Single-cell Analysis Reveals Inter- and Intratumour Heterogeneity in Metastatic Breast Cancer

Overview

Journal J Mammary Gland Biol Neoplasia

Date 2023 Dec 8

PMID 38066300

Authors

Baptiste Hamelin

Milan M S Obradovic

Atul Sethi

Michal Kloc

Simone Munst

Christian Beisel

Katja Eschbach

Hubertus Kohler

Savas Soysal

Marcus Vetter

Walter P Weber

Michael B Stadler

Mohamed Bentires-Alj

Affiliations

Soon will be listed here.

Abstract

Metastasis is the leading cause of cancer-related deaths of breast cancer patients. Some cancer cells in a tumour go through successive steps, referred to as the metastatic cascade, and give rise to metastases at a distant site.
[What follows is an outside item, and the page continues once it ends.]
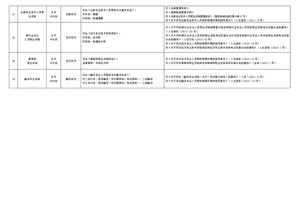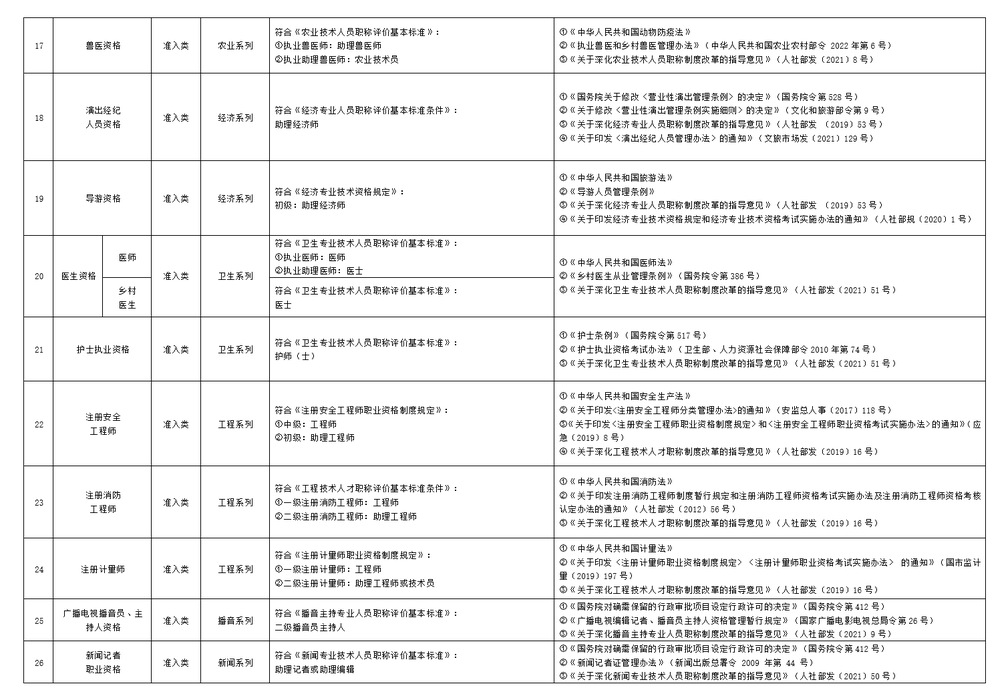 为贯彻落实省委、省政府新时代人才工作部署,进一步推动职业资格制度与职称制度有序链接,减少对专业技术人员的重复交叉评价,我们根据国家职业资格制度改革和深化职称制度改革相关政策规定,进一步规范了部分职业领域专业技术类职业资格与职称对应关系,现就有关事宜通知如下:

We know that the plasticity and heterogeneity of cancer cells play critical roles in metastasis but the precise underlying molecular mechanisms remain elusive. Here we aimed to identify molecular mechanisms of metastasis during colonization, one of the most important yet poorly understood steps of the cascade. We performed single-cell RNA-Seq (scRNA-Seq) on tumours and matched lung macrometastases of patient-derived xenografts of breast cancer. After correcting for confounding factors such as the cell cycle and the percentage of detected genes (PDG), we identified cells in three states in both tumours and metastases. Gene-set enrichment analysis revealed biological processes specific to proliferation and invasion in two states. Our findings suggest that these states are a balance between epithelial-to-mesenchymal (EMT) and mesenchymal-to-epithelial transitions (MET) traits that results in so-called partial EMT phenotypes. Analysis of the top differentially expressed genes (DEGs) between these cell states revealed a common set of partial EMT transcription factors (TFs) controlling gene expression, including ZNF750, OVOL2, TP63, TFAP2C and HEY2. Our data suggest that the TFs related to EMT delineate different cell states in tumours and metastases. The results highlight the marked interpatient heterogeneity of breast cancer but identify common features of single cells from five models of metastatic breast cancer.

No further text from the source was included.